Pamela Harriman died in post as American Ambassador to France, respected and honoured for her diplomatic skills. But her determined journey from English socialite to acceptance in the US was never dull, as Sir Christopher explains, in the second part of his look at her life.

By Christopher Ondaatje

Always alert for changes in direction and opportunity - and realising that France did not hold much for a 40-year old divorcee - Pamela Digby Churchill Hayward Harriman switched her attention to the United States in 1959. She was on the lookout for a rich and powerful man and still in touch with her former war-time American lovers, Bill Paley and “Jock” Whitney.

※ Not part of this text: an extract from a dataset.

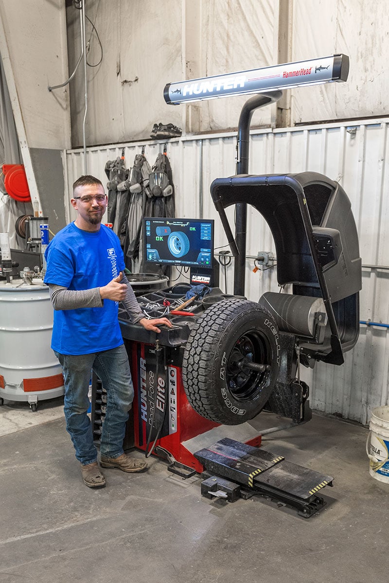 service reps and customer smiling and standing by alignment system

While she had also remained on good terms with their wives the families were wary of her. One evening, Babe Paley (Bill’s wife) telephoned Slim Hayward, the wife of theatrical producer Leland Hayward, and asked permission to “borrow” her husband to accompany the visiting Pamela Churchill to the theatre. Observers have often said that Babe Paley knew what she was doing in getting the English predator safely away from her husband.

The meeting led to the newly-introduced pair leaving before the end of the performance. The affair was immediate. The glamorous Slim Hayward was away in Europe with her friend, Lauren Bacall, mingling with “the Hemingway Crowd” and away from a restless and difficult marriage. Leland explained this to Pamela, who knew exactly how to turn the situation to her own advantage. Later that week, back in Paris, she invited Slim Hayward and “Betty” Bacall to dinner. Leland flew in from America and joined the party.

Pamela seemed the ever gracious and generous host. The next day, Hayward flew to Munich, where he bargained for the rights to The Sound of Music from Baroness von Trapp. The drawn-out negotiations during early 1959 gave Hayward the excuse to visit Pamela in Paris. She had no intention of letting the emotional and vulnerable impressario out of her clutches. On May 27, he proposed and said he would ask his wife for an immediate divorce.

It was the opportunity she had been waiting for and she headed for New York, leaving her luxurious Paris apartment and former lovers Gianni Agnelli and Baron Elie de Rothschild behind. They gave her everything: the antique furniture as well as the apartment which had been a gift from Agnelli and which she sold immediately for $500,000. She kept the maisonette in Hyde Park Gardens in London (a present from Rothschild). It was to remain her legal English base – vital to keep custody of her son, Winston, by her marriage to Randolph Churchill. Everything else was moved to the Drake Hotel in New York City, thus embarking her on the last and important stage of her colourful career.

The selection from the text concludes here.